Eliezer Yudkowsky recently posted on Facebook an experiment that could potentially indicate whether humans can "have AI do their alignment homework" despite not being able to trust whether the AI is accurate: see if people improve in their chess-playing abilities when given advice from experts, two out of three of which are lying.
I'm interested in trying this! If anyone else is interested, leave a comment. Please tell me whether you're interested in being:
A) the person who hears the advice, and plays chess while trying to determine who is trustworthy
B) the person who they are playing against, who is normally better at chess than A but worse than the advisors
C) one of the three advisors, of which one is honestly trying to help and the other two are trying to sabotage A; which one is which will be chosen at random after the three have been selected to prevent A from knowing the truth
Feel free, and in fact encouraged, to give multiple options that you're open to trying out! Who gets assigned to what role would depend on how many people respond and their levels of chess ability, and it's easier to find possible combinations with more flexibility in whose role is which.

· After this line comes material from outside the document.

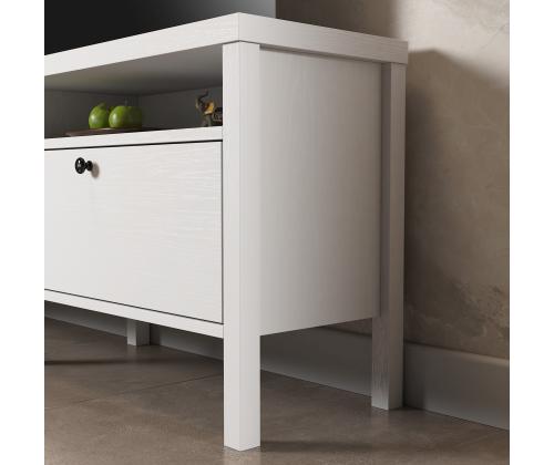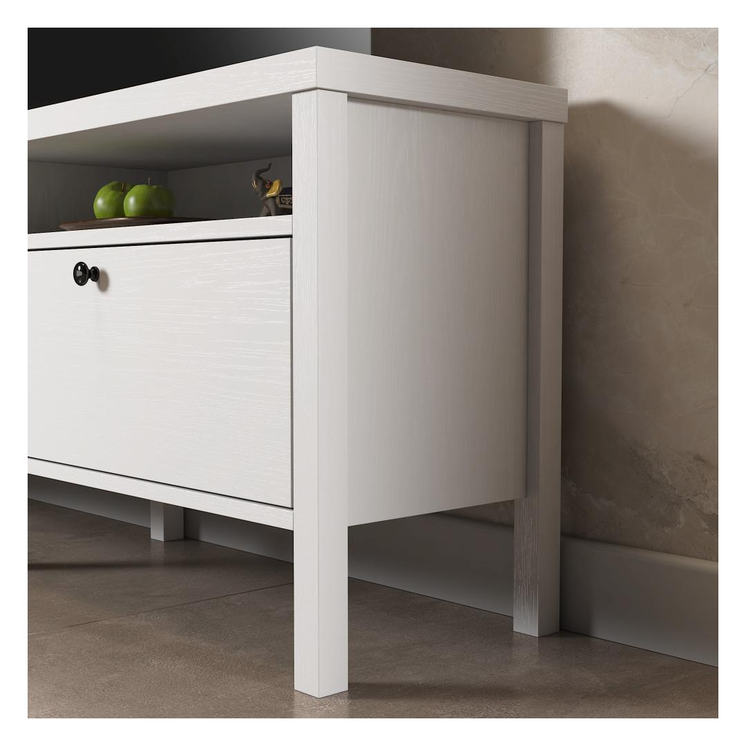 With its contemporary design and versatile color scheme, this TV stand will effortlessly elevate the look of any room. The combination of wooden and white finishes adds a touch of sophistication, while the metal handle adds a modern flair.

Please also briefly describe your level of experience in chess. How frequently have you played, if at all; if you have ELO rating(s), what are they and which organizations are they from (FIDE, USCF, Chess.com, etc). No experience is required! In fact, people who are new to the game are actively preferred for A!
Finally, please tell me what days and times you tend to be available - I won't hold you to anything, of course, but it'll help give me an estimate before I contact you to set up a specific time.
Edit: also, please say how long you would be willing to play for - a couple hours, a week, a one-move-per-day game over the course of months? A multi-week or multi-month game would give the players a lot more time to think about the moves and more accurately simulate the real-life scenario, but I doubt everyone would be up for that.
Edit 2: GoteNoSente suggested using a computer at a fixed skill level for player B, which in retrospect is clearly a great idea.
Edit 3: there is now a Google Form for signing up: https://docs.google.com/forms/d/e/1FAIpQLScPKrSB6ytJcXlLhnxgvRv1V4vMx8DXWg1j9KYVfVT1ofdD-A/viewform?vc=0&c=0&w=1&flr=0
I could be interested in trying this, in any configuration. Preferred time control would be one move per day. My lichess rating is about 2200.
Are the advisors allowed computer assistance, do the dishonest and the honest advisor know who is who in this experiment, and are the advisors allowed to coordinate? I think those parameters would make a large difference potentially in outcome for this type of experiment.
The problem is that while the human can give some rationalizations as to "ah, this is probably why the computer says it's the best move," it's not the original reasoning that generated those moves as the best option, because that took place inside the engine. Some of the time, looking ahead with computer analysis is enough to reproduce the original reasoning - particularly when it comes to tactics - but sometimes they would just have to guess.